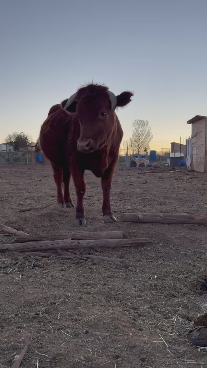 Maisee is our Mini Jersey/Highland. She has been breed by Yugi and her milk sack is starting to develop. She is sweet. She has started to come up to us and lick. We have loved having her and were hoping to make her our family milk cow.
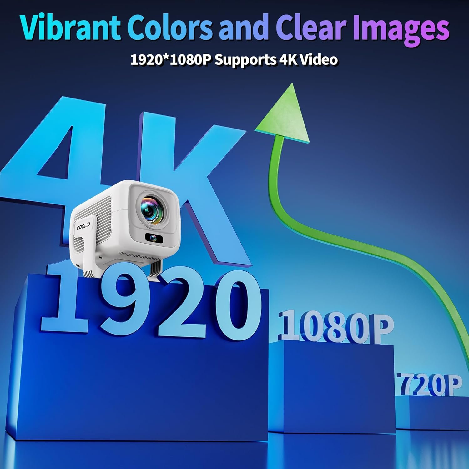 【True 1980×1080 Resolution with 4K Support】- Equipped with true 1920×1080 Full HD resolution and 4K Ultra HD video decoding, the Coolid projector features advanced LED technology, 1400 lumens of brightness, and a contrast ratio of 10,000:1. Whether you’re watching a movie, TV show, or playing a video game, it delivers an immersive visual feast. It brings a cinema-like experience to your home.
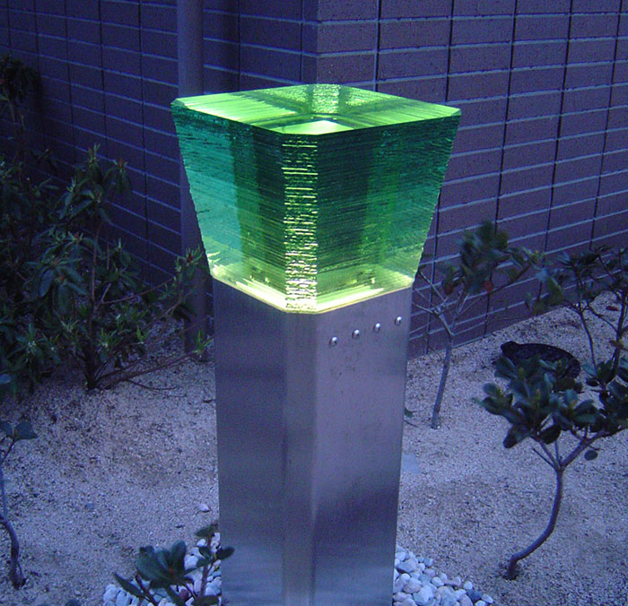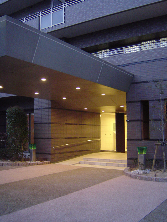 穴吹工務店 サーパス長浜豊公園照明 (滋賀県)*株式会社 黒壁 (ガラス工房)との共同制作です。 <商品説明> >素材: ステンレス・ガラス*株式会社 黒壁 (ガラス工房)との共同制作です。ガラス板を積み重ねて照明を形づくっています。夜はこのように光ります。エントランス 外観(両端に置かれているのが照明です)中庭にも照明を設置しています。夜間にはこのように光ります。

What you will do
Copy out the data verbatim, with no pictures.

Answer to the problem
 Maisee is our Mini Jersey/Highland. She has been breed by Yugi and her milk sack is starting to develop. She is sweet. She has started to come up to us and lick. We have loved having her and were hoping to make her our family milk cow.
 【True 1980×1080 Resolution with 4K Support】- Equipped with true 1920×1080 Full HD resolution and 4K Ultra HD video decoding, the Coolid projector features advanced LED technology, 1400 lumens of brightness, and a contrast ratio of 10,000:1. Whether you’re watching a movie, TV show, or playing a video game, it delivers an immersive visual feast. It brings a cinema-like experience to your home.
 穴吹工務店 サーパス長浜豊公園照明 (滋賀県)*株式会社 黒壁 (ガラス工房)との共同制作です。 <商品説明> >素材: ステンレス・ガラス*株式会社 黒壁 (ガラス工房)との共同制作です。ガラス板を積み重ねて照明を形づくっています。夜はこのように光ります。エントランス 外観(両端に置かれているのが照明です)中庭にも照明を設置しています。夜間にはこのように光ります。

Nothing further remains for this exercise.